Thank you for your help
Comment by Milian Wolff (2009-02-20 01:43:00)
Thanks for the hint, I fixed it. You can find an updated version above.
Comment by Andreas (not verified) (2008-12-15 18:20:00)
Hi, thank you very much for your helpful script! However I did found a small bug: once a book contains several chapters with the same name, only the first chapter is downloaded and the others are being omitted. This is an example: http://springerlink.com/content/lp46u2/?p=4315112f571546c79595e6d1dd7552…

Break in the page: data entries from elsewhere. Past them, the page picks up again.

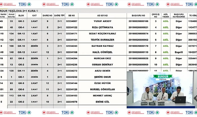 164 adet 2+1 konut için 164 hak sahibi, 72 adet 3+1 konut için ise 72 hak sahibi bulunan TOKİ Burdur Yeşilova konut projesinde kura çekilişi ile hak sahipleri belirlenmiş oldu.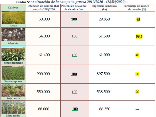 Las tareas efectuadas en la semana fueron: a) monitoreo de trampas para capturas de picudos, en predios destinados al cultivo de algodón, b) aplicación de reguladores de crecimiento en los cultivares de algodón, c) monitoreo y seguimiento de los cultivares de soja tardía, d) monitoreo y seguimiento de los cultivares de maíz tardío, e) cosecha de arroz, f) cosecha de algodón, g) cosecha de soja temprana, h) cosecha de sorgo granífero, i) cosecha de soja tardía, 3 j) cosecha de maíz tardío, picado-embolsado, autoconsumo. Para el período comprendido entre el miércoles 29 al martes 05 de mayo de 2020, los pronósticos prevén desde su inicio, condiciones de estabilidad climática, temperaturas medias diarias estables, sin marcadas variaciones, acordes a la época del año, hasta mediados del lunes 04. A posteriori, un aumento de la nubosidad e inestabilidad comenzarían a registrarse en el centro – norte del área, que con el transcurso de las horas cubrirían toda el área del SEA.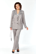 Рукав с отрезной манжетой. Брюки на притачном поясе, эластичном в области спинки, с наклонными боковыми карманами.

I tried to add numbers into the “chapter”-line, but this only gave me the numbers in the filenames. The script insisted on downloading only the first chapter.
Cheers (and thanks again), Andreas
Comment by Milian Wolff (2009-01-09 16:53:00)
Ok, the Script was updated and should handle chapter numbers now correctly. Also it handles single book-chapter downloading well.
Comment by Andreas (not verified) (2009-02-27 17:34:00)
Thanks! With the new version I’ll be able to get the rest of the interesting books on math&physics.
Cheers, Andreas
Comment by Milian Wolff (2008-12-20 14:49:00)
I’ll look into it and update the script. Thanks for the report!